#### What to work on
Only the lines in the entries below from the line with "然而目前,由于汽車鎂合金零件" to the line with "Ja poezia që", both included, belong in the answer, transcribed exactly and without pictures.

#### Information supplied
BEGIN
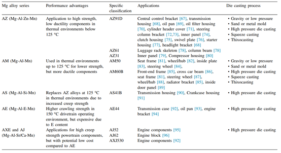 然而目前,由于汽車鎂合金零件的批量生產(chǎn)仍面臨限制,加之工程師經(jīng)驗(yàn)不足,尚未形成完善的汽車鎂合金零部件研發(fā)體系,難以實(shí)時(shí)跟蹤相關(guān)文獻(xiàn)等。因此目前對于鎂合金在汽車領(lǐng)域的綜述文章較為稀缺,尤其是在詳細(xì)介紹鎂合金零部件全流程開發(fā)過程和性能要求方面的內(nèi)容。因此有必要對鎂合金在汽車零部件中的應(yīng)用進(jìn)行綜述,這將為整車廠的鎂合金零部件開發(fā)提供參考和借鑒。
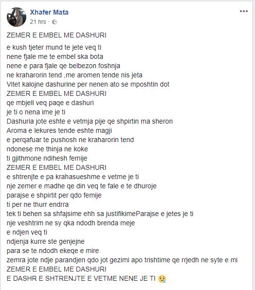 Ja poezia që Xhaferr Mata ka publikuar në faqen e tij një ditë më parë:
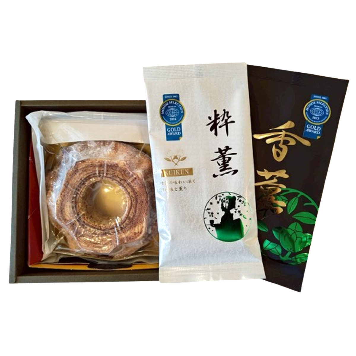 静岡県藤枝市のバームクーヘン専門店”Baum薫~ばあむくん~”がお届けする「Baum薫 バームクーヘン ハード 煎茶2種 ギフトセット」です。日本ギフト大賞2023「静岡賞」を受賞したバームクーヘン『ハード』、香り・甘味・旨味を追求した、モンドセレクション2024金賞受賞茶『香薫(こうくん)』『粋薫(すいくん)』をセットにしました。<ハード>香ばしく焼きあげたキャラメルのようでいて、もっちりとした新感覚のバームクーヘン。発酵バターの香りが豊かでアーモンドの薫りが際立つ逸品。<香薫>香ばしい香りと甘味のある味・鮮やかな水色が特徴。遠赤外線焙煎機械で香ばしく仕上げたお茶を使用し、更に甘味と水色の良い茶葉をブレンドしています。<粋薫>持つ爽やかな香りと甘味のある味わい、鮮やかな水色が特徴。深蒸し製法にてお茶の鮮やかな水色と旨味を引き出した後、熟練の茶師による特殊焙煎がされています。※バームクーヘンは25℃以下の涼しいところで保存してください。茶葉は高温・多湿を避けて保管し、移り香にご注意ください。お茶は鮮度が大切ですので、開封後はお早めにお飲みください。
END
BEGIN
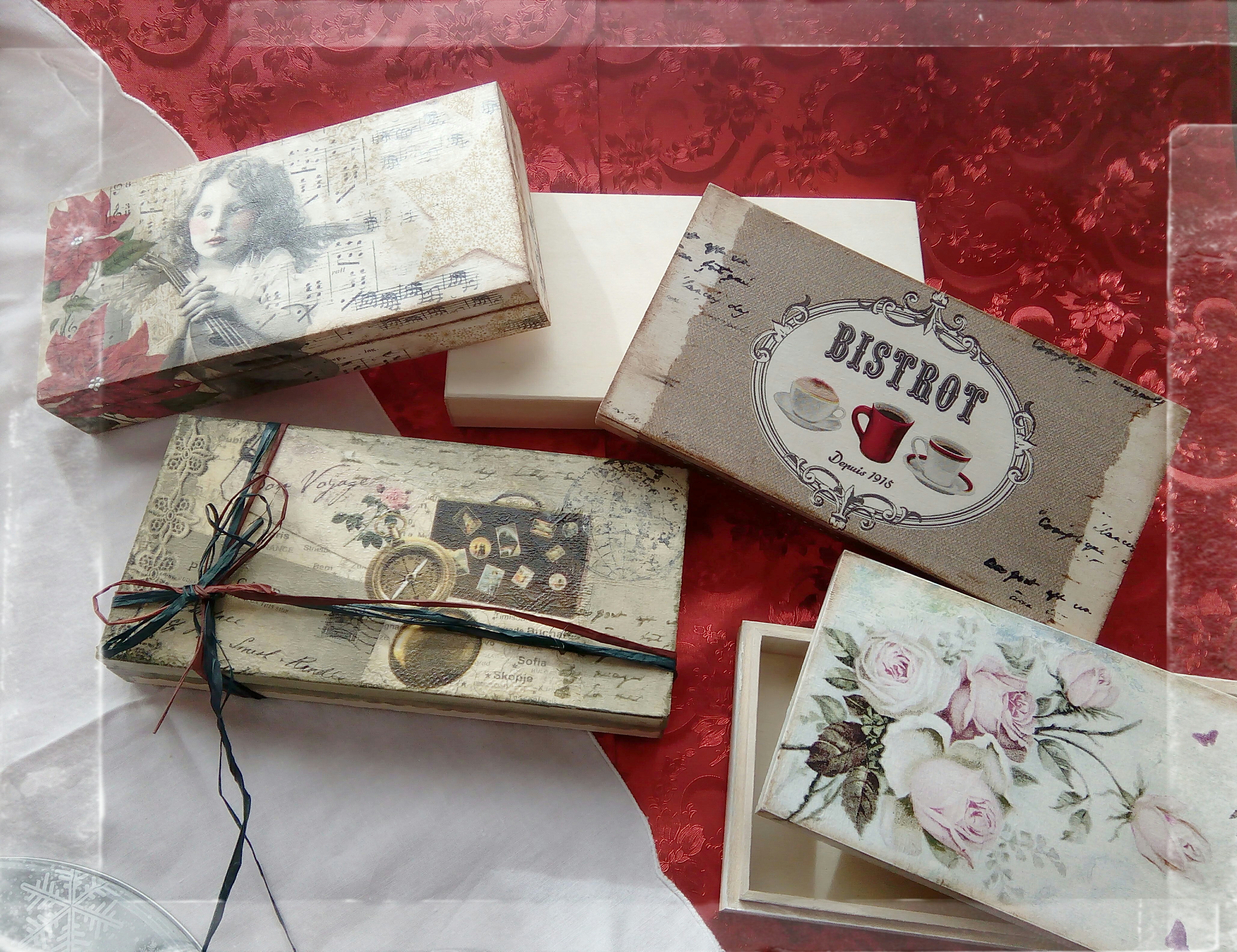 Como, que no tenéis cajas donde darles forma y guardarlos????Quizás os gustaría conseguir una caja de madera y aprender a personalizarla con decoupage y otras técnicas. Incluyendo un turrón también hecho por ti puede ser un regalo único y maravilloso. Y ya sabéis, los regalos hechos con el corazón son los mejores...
END
#### Result
 然而目前,由于汽車鎂合金零件的批量生產(chǎn)仍面臨限制,加之工程師經(jīng)驗(yàn)不足,尚未形成完善的汽車鎂合金零部件研發(fā)體系,難以實(shí)時(shí)跟蹤相關(guān)文獻(xiàn)等。因此目前對于鎂合金在汽車領(lǐng)域的綜述文章較為稀缺,尤其是在詳細(xì)介紹鎂合金零部件全流程開發(fā)過程和性能要求方面的內(nèi)容。因此有必要對鎂合金在汽車零部件中的應(yīng)用進(jìn)行綜述,這將為整車廠的鎂合金零部件開發(fā)提供參考和借鑒。
 Ja poezia që Xhaferr Mata ka publikuar në faqen e tij një ditë më parë:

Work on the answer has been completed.